**REQUIRED WORK**.
Look through the data below for the line with "イギリスの蚤の市で見つけてきた巻尺、物差し等11点の セットです。 服屋さん、お花屋さん、雑貨屋さんやカフェの" and the line with "Może skutecznie wyeliminować", then transcribe exactly from the first through the second, leaving out all pictures.

**DATASET RECORDS**.
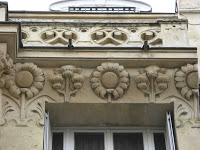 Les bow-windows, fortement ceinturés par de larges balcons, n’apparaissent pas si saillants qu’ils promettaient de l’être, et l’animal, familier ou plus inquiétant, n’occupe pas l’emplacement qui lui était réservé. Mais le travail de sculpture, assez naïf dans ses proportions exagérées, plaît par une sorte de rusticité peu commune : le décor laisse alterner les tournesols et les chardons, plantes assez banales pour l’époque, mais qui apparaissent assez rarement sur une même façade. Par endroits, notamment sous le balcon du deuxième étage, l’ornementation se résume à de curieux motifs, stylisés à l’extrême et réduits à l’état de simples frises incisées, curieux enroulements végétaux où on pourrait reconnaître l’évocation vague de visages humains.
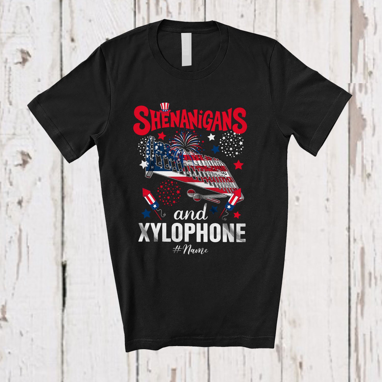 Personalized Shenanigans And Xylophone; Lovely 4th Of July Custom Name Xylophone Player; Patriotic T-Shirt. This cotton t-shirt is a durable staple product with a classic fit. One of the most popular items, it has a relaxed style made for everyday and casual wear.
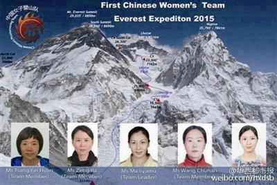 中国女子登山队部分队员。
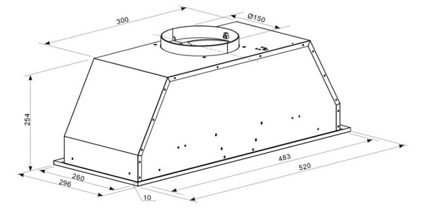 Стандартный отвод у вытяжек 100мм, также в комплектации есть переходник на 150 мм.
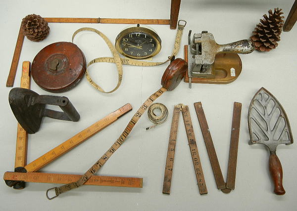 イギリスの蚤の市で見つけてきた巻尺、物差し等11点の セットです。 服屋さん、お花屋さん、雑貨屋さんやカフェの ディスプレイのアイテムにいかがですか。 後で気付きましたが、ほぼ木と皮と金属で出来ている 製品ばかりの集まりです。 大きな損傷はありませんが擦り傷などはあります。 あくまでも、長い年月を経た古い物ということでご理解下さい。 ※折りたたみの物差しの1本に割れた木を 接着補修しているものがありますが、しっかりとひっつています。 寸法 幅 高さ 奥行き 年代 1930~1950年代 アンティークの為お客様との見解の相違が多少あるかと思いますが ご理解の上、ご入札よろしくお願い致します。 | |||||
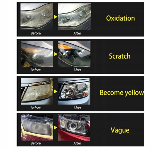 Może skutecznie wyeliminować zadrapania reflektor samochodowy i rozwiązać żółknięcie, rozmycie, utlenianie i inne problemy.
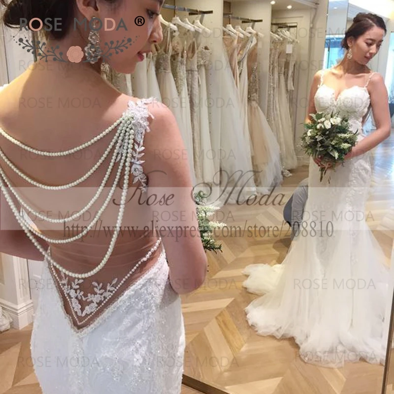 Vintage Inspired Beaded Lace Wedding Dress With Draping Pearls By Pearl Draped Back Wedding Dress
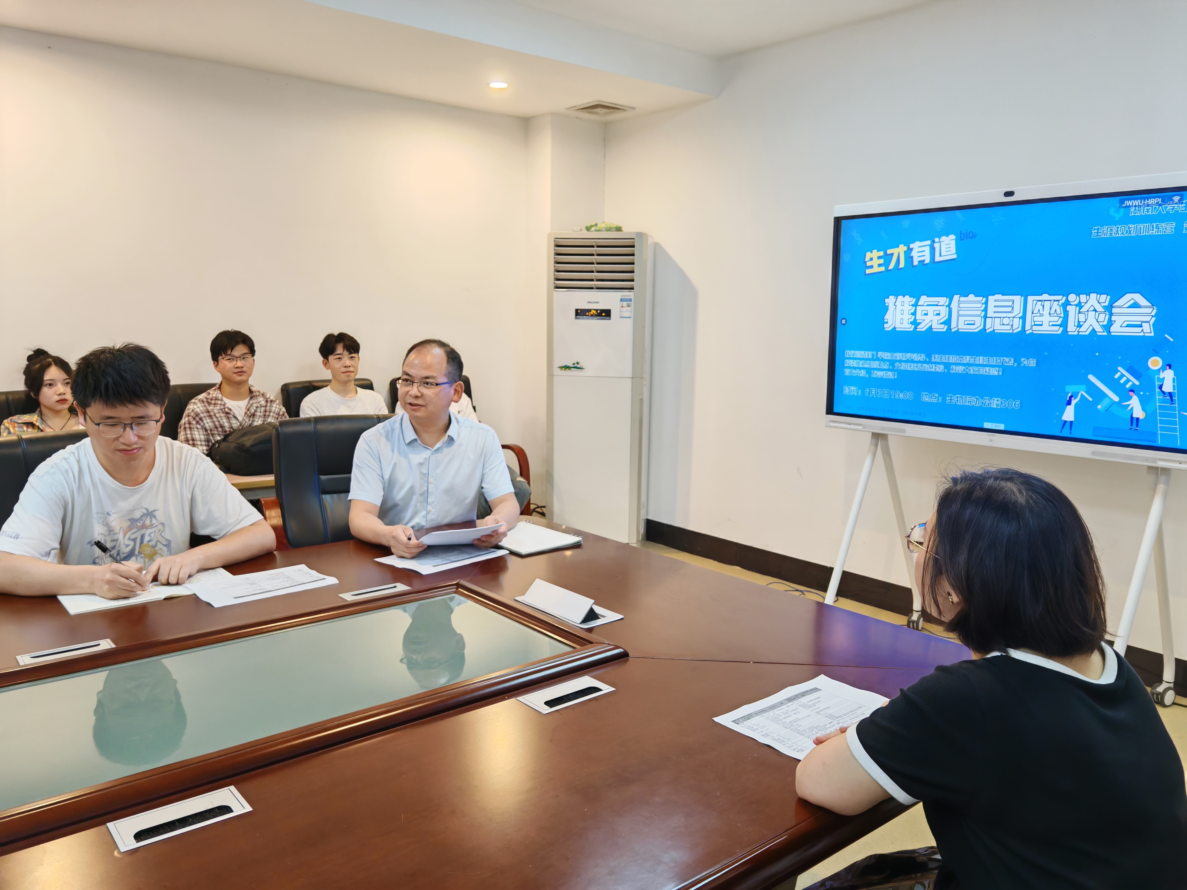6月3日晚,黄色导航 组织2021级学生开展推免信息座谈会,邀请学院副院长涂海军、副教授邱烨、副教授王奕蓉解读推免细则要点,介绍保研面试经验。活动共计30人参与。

**EXERCISE ANSWER**.
 イギリスの蚤の市で見つけてきた巻尺、物差し等11点の セットです。 服屋さん、お花屋さん、雑貨屋さんやカフェの ディスプレイのアイテムにいかがですか。 後で気付きましたが、ほぼ木と皮と金属で出来ている 製品ばかりの集まりです。 大きな損傷はありませんが擦り傷などはあります。 あくまでも、長い年月を経た古い物ということでご理解下さい。 ※折りたたみの物差しの1本に割れた木を 接着補修しているものがありますが、しっかりとひっつています。 寸法 幅 高さ 奥行き 年代 1930~1950年代 アンティークの為お客様との見解の相違が多少あるかと思いますが ご理解の上、ご入札よろしくお願い致します。 | |||||
 Może skutecznie wyeliminować zadrapania reflektor samochodowy i rozwiązać żółknięcie, rozmycie, utlenianie i inne problemy.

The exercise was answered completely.